(SUPPLIED ENTRIES)

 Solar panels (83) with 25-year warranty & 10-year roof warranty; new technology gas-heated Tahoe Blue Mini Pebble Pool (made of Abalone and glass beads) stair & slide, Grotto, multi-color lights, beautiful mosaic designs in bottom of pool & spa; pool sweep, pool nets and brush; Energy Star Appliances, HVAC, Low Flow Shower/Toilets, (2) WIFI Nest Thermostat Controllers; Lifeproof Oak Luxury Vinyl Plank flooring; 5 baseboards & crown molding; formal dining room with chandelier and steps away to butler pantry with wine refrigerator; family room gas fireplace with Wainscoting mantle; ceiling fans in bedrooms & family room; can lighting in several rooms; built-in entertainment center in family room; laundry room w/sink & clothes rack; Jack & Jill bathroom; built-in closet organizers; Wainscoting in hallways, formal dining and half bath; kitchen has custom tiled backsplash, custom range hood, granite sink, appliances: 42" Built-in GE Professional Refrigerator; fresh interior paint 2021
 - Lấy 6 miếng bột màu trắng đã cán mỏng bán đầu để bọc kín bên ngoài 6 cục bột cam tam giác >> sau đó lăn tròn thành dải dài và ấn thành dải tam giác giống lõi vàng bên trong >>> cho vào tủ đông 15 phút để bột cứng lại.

(End SUPPLIED ENTRIES)
(SUPPLIED ENTRIES)

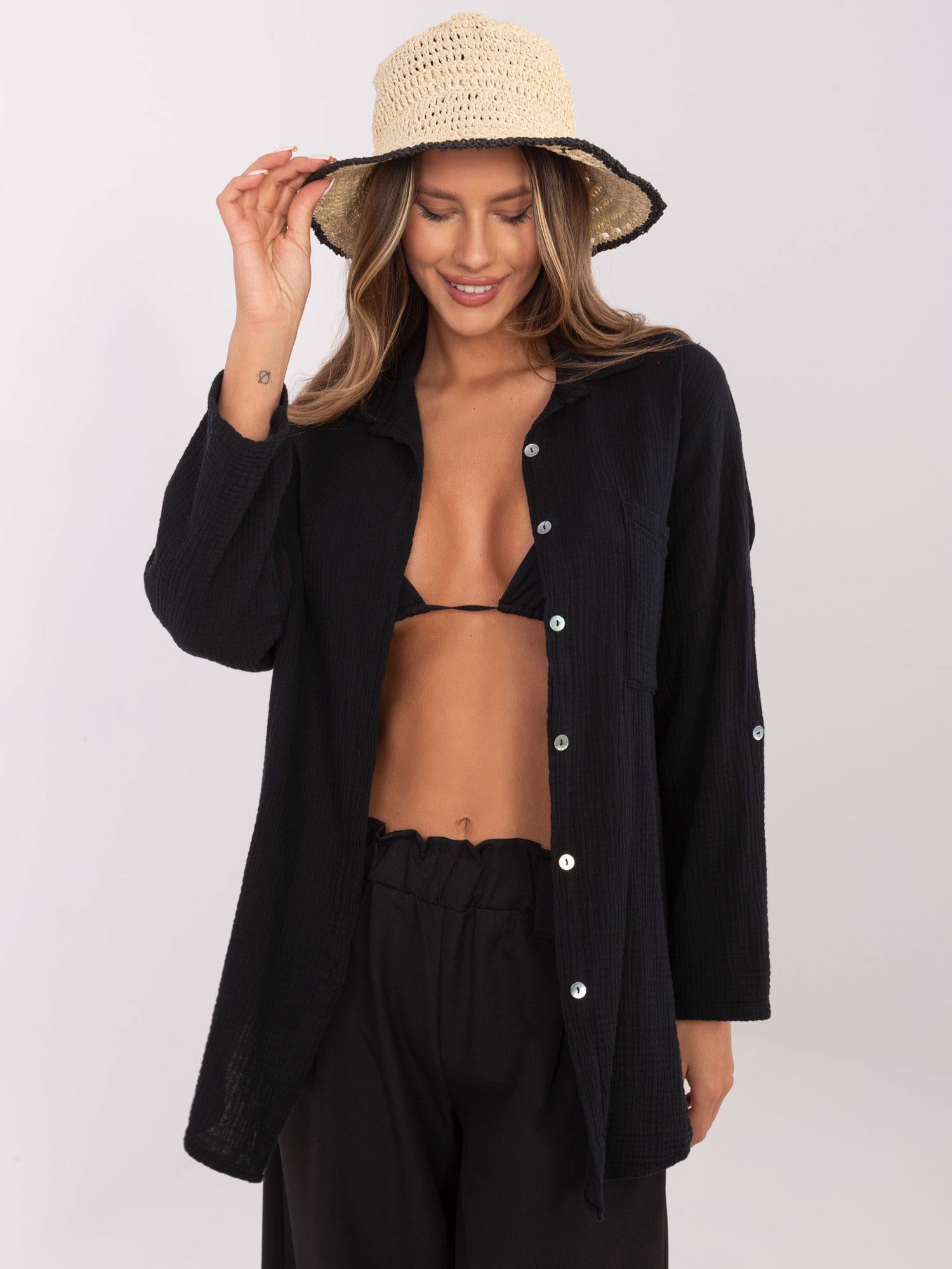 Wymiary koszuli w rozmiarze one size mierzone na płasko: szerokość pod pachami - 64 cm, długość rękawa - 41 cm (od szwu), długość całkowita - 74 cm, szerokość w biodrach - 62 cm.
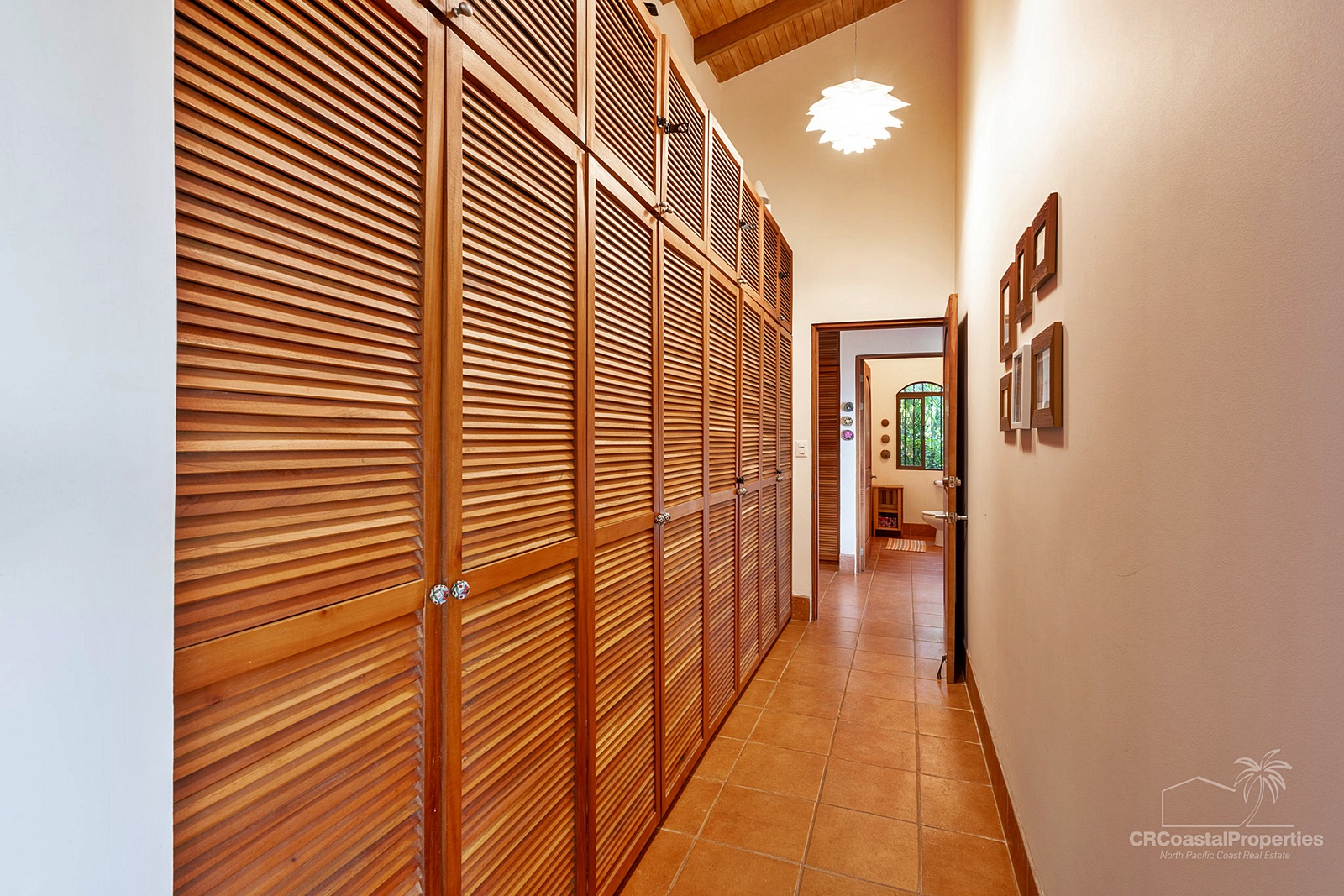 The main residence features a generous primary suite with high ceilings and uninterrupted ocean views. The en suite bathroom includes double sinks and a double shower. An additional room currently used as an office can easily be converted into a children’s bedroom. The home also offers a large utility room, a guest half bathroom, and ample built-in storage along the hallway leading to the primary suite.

(End SUPPLIED ENTRIES)

- _WORK INSTRUCTIONS_
For this task, return exactly the stretch of the listing above from the line with "Wymiary koszuli w" through the line with "The main residence", inclusive and without pictures.

- _WORKED SOLUTION_
 Wymiary koszuli w rozmiarze one size mierzone na płasko: szerokość pod pachami - 64 cm, długość rękawa - 41 cm (od szwu), długość całkowita - 74 cm, szerokość w biodrach - 62 cm.
 The main residence features a generous primary suite with high ceilings and uninterrupted ocean views. The en suite bathroom includes double sinks and a double shower. An additional room currently used as an office can easily be converted into a children’s bedroom. The home also offers a large utility room, a guest half bathroom, and ample built-in storage along the hallway leading to the primary suite.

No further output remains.